▸ Input data
═══
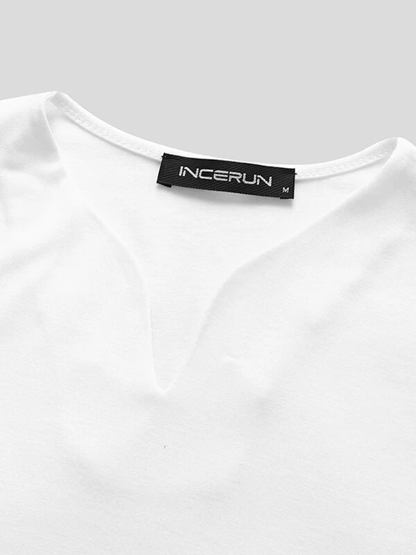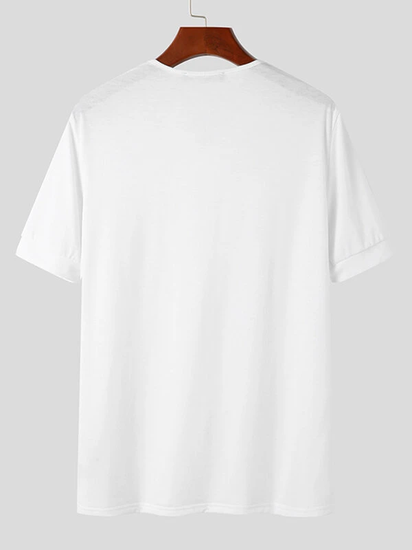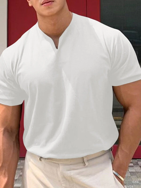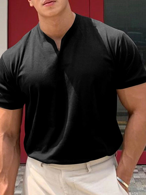 Mens Solid Notched Neck Casual Short Sleeve T-Shirt
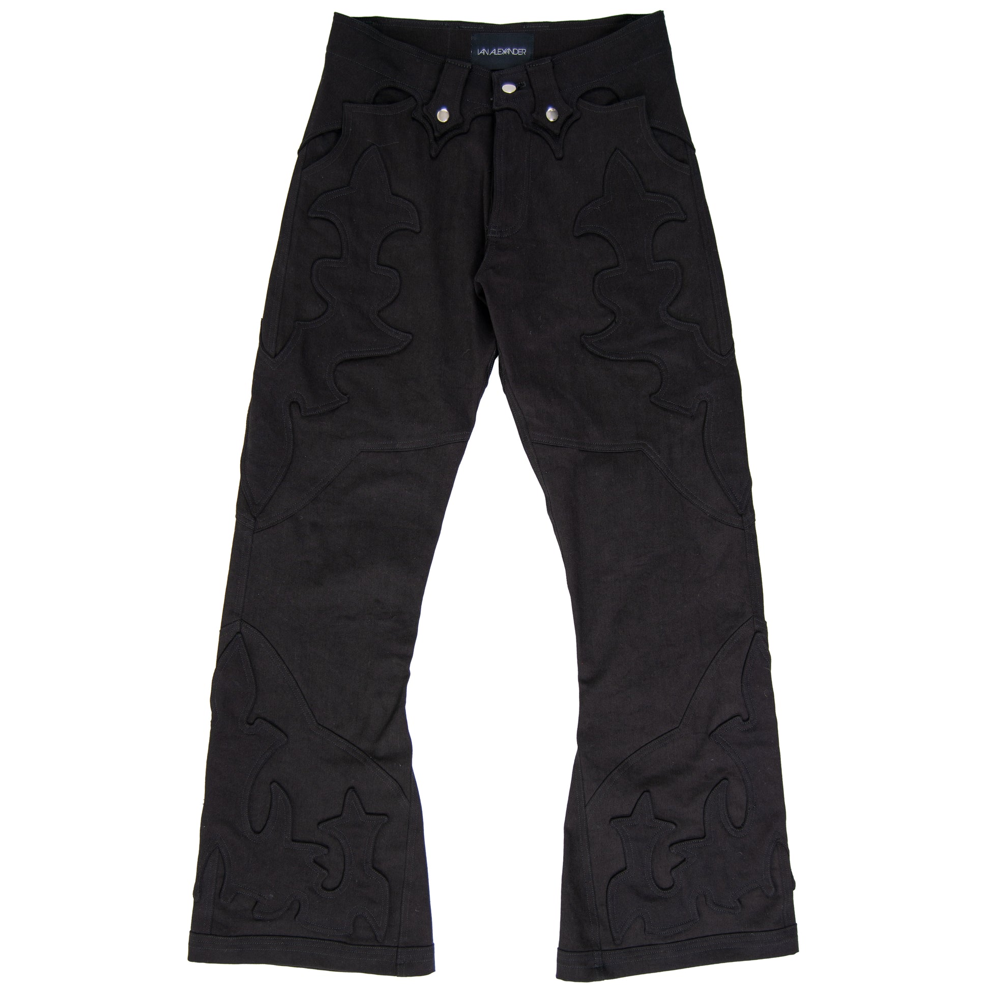FLARED DENIM JEANS WITH CUSTOM APPLIQUE AND WAISTBAND
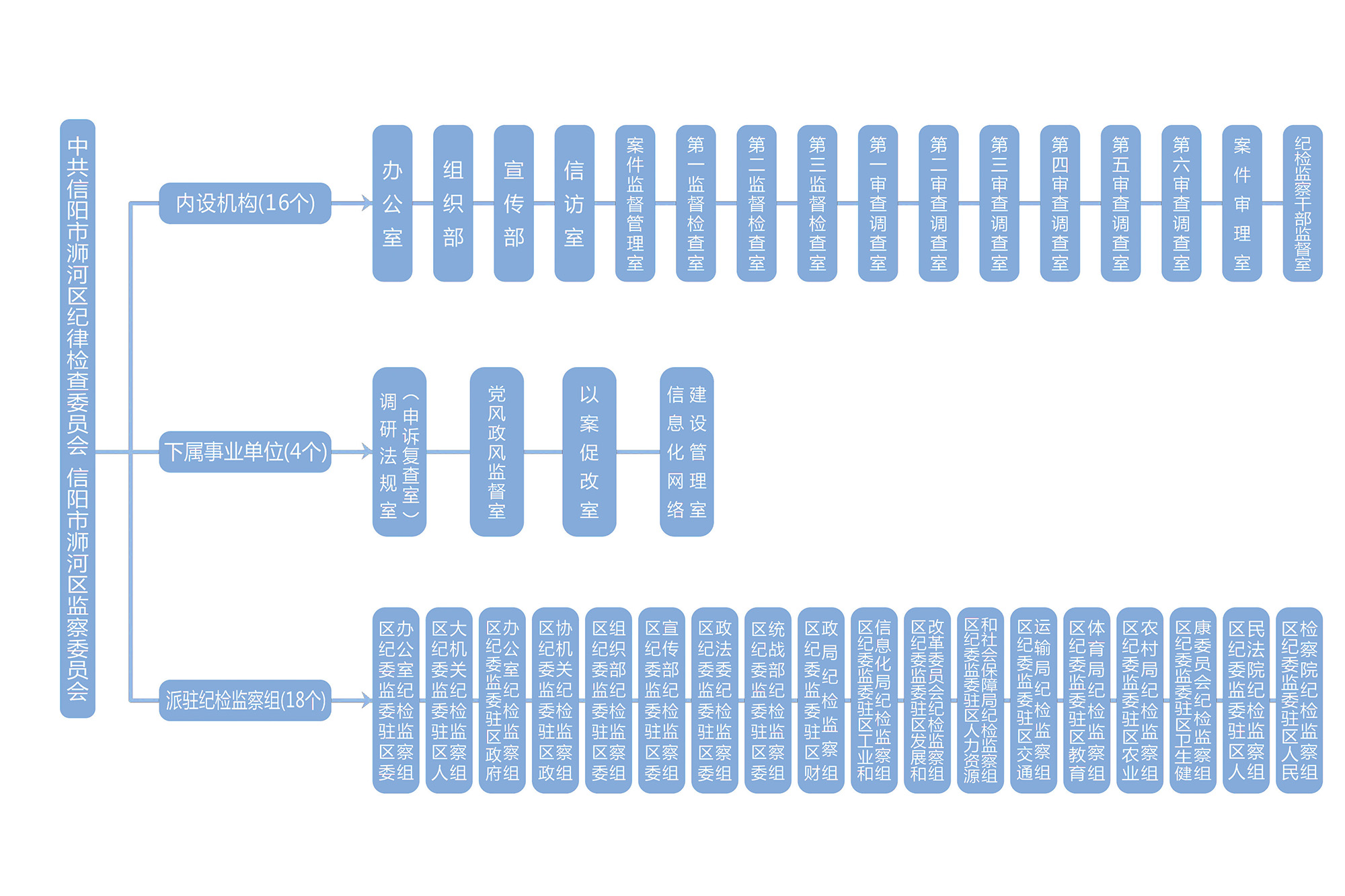 浉河区纪委机关与浉河区监察委合署办公。共有16个内设机构,分别为:办公室、组织部、宣传部、信访室、案件监督管理室、案件审理室、第一执纪监督室至第三执纪监督室、第一审查调查室至第六审查调查室、纪检监察干部监督室。下属4个事业单位:以案促改室、调研法规室、党风政风监督室,信息化网络建设管理室。实行统一管理的派驻机构18个。
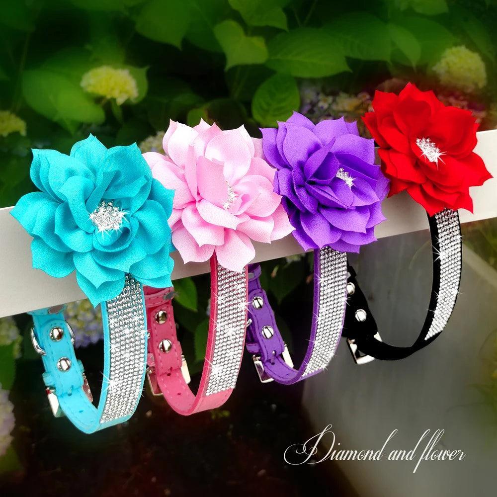 Luxury Rhinestone Flower Pet Collar - Shimmering Glam Style
═══
▸ Work to complete
From the line with "FLARED DENIM JEANS" through the final line of the data above, copy everything exactly, both ends included, but not the pictures.

▸ Task answer
FLARED DENIM JEANS WITH CUSTOM APPLIQUE AND WAISTBAND
 浉河区纪委机关与浉河区监察委合署办公。共有16个内设机构,分别为:办公室、组织部、宣传部、信访室、案件监督管理室、案件审理室、第一执纪监督室至第三执纪监督室、第一审查调查室至第六审查调查室、纪检监察干部监督室。下属4个事业单位:以案促改室、调研法规室、党风政风监督室,信息化网络建设管理室。实行统一管理的派驻机构18个。
 Luxury Rhinestone Flower Pet Collar - Shimmering Glam Style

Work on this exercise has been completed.